There are a lot of moving pieces so let's break down the solution:

  • First, we use the custom class Tuple with overridden hashCode and equals methods so we can create sets with keys of type Tuple
  • We have already implemented BFS a few times, but basically, we have a queue of the candidates we iterate over, and we have a set to check if we have already visited them
  • The neighbors of the current element are defined as per problem statement rain water can flow to neighboring cells directly north, south, east, and west if the neighboring cell's height is less than or equal to the current cell's height, which leads to heights[current.x][current.y] <= heights[x][y] requirement when checking the neighbors of the current candidate. We define array of directions to help us navigate to the neighboring cells.
  • In the main function we create two candidate queues, one per ocean, and two sets one per ocean to track elements we have already visited. We fill both the candidate and visited sets with the elements that fulfill the following The Pacific Ocean touches the island's left and top edges, and the Atlantic Ocean touches the island's right and bottom edges which leads to adding the first column, first row to pacific candidates/visited set and last column and last row to Atlantic set of candidates.

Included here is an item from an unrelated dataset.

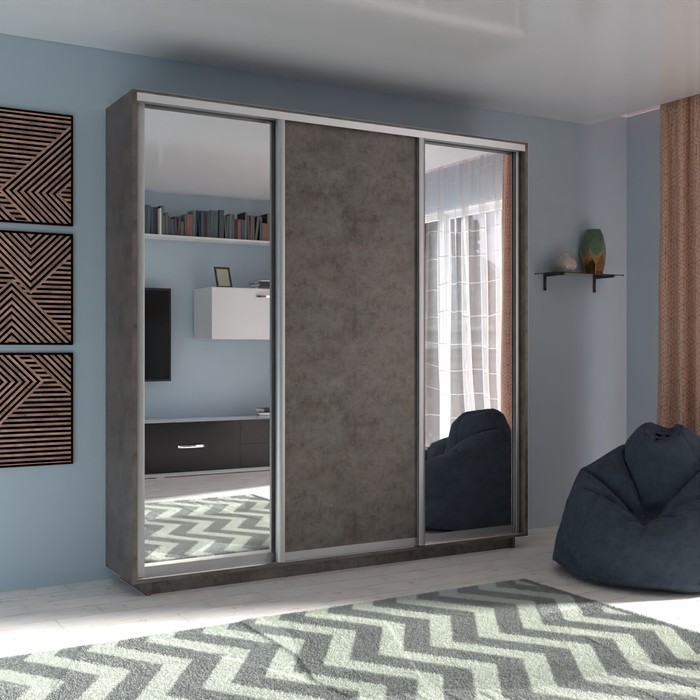 Шкаф купе трёхдверный «Экспресс», с зеркалом, 1800×440×2400 мм, ЛДСП, цвет бетон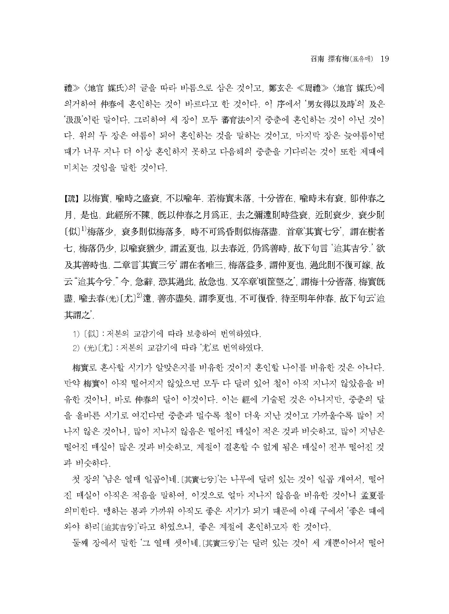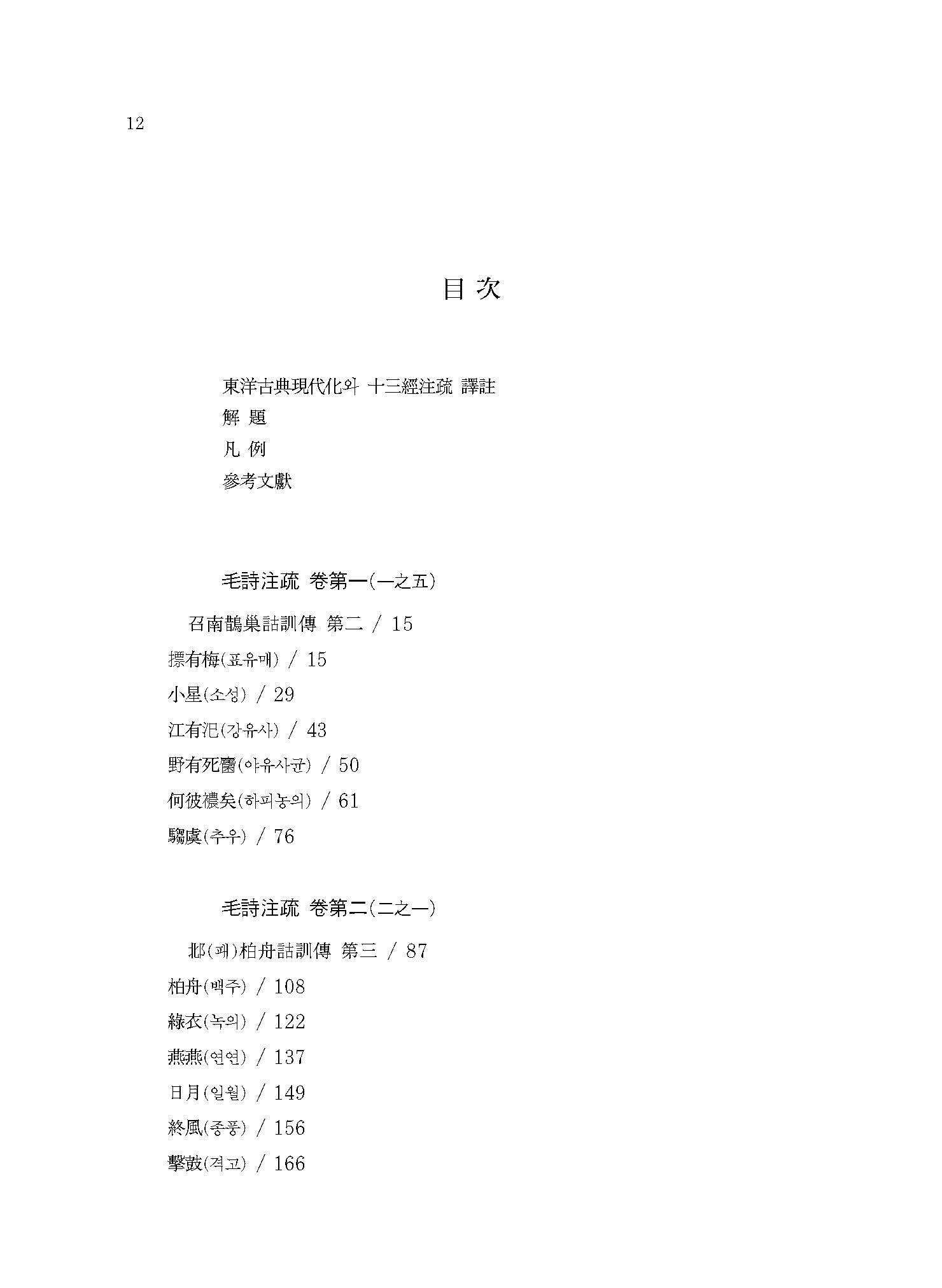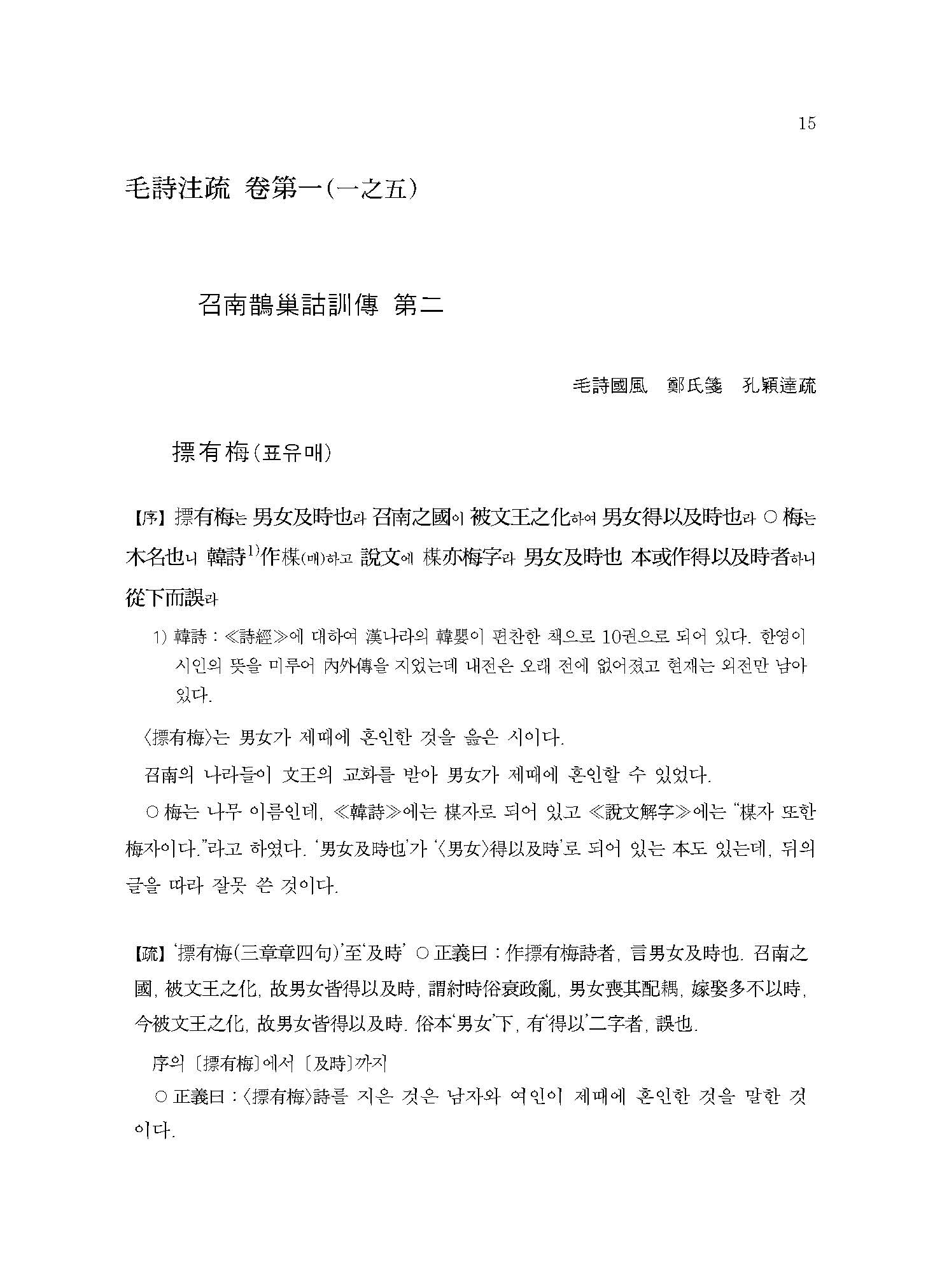 이 책은 ≪모시정의≫의 글자 하나하나를 모두 온전히 번역하는 것을 목표로 한 첫 번째 결과물이다. 한국고전번역원에서 오랜 기간 ≪시경≫을 강의한 박소동朴小東 선생의 강의 노하우와 고민이 온축되어 있다. 또한 고주古注와 신주新注를 비교하고 역대 대표 학자들의 ≪시경≫ 연구 성과를 역주譯註에 담았다. 원문原文의 경문經文과 전傳에는 우리나라 전통방식의 현토懸吐를 하고, 소疏에는 간략한 표점標點을 하여 독자의 학습에 도움을 주고자 하였다.

  • We do BFS on both pairs of candidate/sets and record all elements in the matrix we can reach by placing them in the corresponding set
  • We do the intersection of sets with retainAll which leads us to a modified set containing only cells that are present in both atlantic and pacific visited sets
  • Finally, we use streams to map from set of pairs to list of lists and return it as our result

We iterate over all elements and also can hold reference to all the elements in matrix (all elements reachable and stored in sets) leading to O(m*n) time and space complexity.